CAMP HILL, Pa. (WHTM) — Tough news if you were hoping to raise chickens in Camp Hill.
Before a large crowd gathered Wednesday, Borough Council rejected a proposal to loosen its current ordinance, which disqualifies nearly every resident from owning live poultry.
The discussion began months ago, when would-be urban chicken hobbyists urged members of the council to consider changes, including an existing requirement that residents own roughly an acre of land in order to keep a coop on their property. Most lots in the densely populated borough are far below the acreage requirement.
“The Planning and Zoning Committee voted to recommend to Council, this body, that the ordinance regarding chickens as currently written not be changed,” Council President Peter Robelen said.
Chicken coop supporters argued that modern practices allow for the safe and sanitary maintenance of a backyard chicken flock.

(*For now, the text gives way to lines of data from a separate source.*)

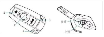 1—上鎖鍵;2—開鎖鍵;3—后備廂開啟鍵;4—應(yīng)急鑰匙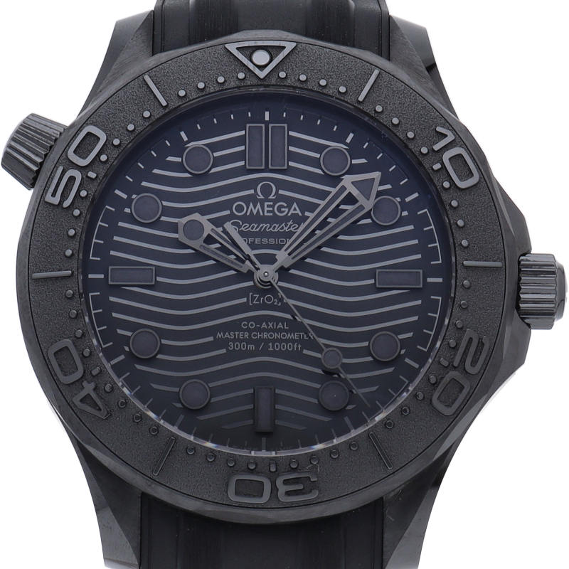 シーマスター プロフェッショナル ダイバー300Mは、1993年の発売以来、伝説的な支持を誇ってきました。ケース、ベゼル、ウェーブパターンのダイアル、リューズ、ヘリウムエスケープバルブのすべてにブラックセラミック [ZrO2] を使用。個性的で立体感のあるルックに仕上がっています。キャリバー8806搭載。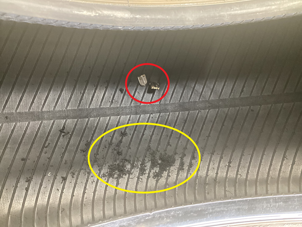 タイヤ内部も低内圧走行で発生したゴムの削りカスが確認できました・・・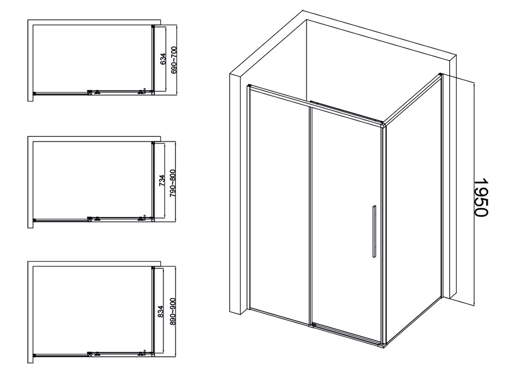 Dimensions : retour fixe 70 cm, porte de douche 100, 120 ou 140 cm.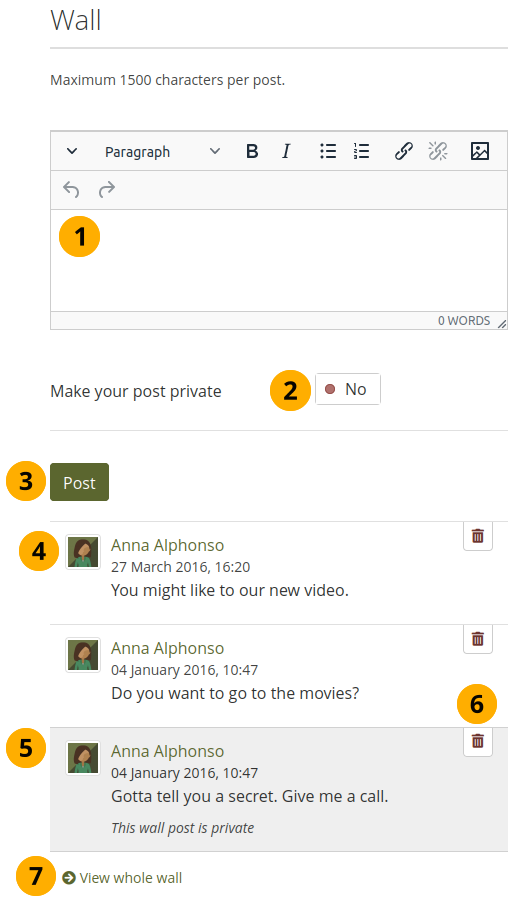 Click the Delete icon if you do not want to have a specific post on your wall. The post authors and you as owner of your wall can delete posts.

The growing hobby has become increasingly popular as many people seek the ability to harvest eggs while others consider the birds pets.
Kathleen Kadel, a borough resident who once raised chickens, says emotions and misinformation got in the way of real education about the hobby she insists is harmless.
“With the new systems that are available today for managing backyard flocks, there’s really no odor unless you’re doing something seriously wrong,” Kadel said.
In previous meetings of the Planning and Zoning Committee, tasked with making an educated recommendation to the council regarding the chicken ordinance, members of the community raised concerns about quality of life and health hazards. Some argued the presence of chicken feed inside the coops would draw rodents and other pests. Noise concerns were voiced but squashed early on when committee members insisted any revised ordinance would include a provision banning roosters.
This week, the Centers for Disease Control released findings of a report that links increased cases of salmonella infections in humans to the rapid growth of the backyard chicken hobby across the country.
Kadel says she hopes Camp Hill residents will eventually have the chance to decide the chicken coop issue with a referendum vote. Opponents including long-time borough resident Romayne McMahon believe the issue should be put to rest.
“If somebody wants to raise chickens, then they should move to a place that has more acreage,” McMahon said.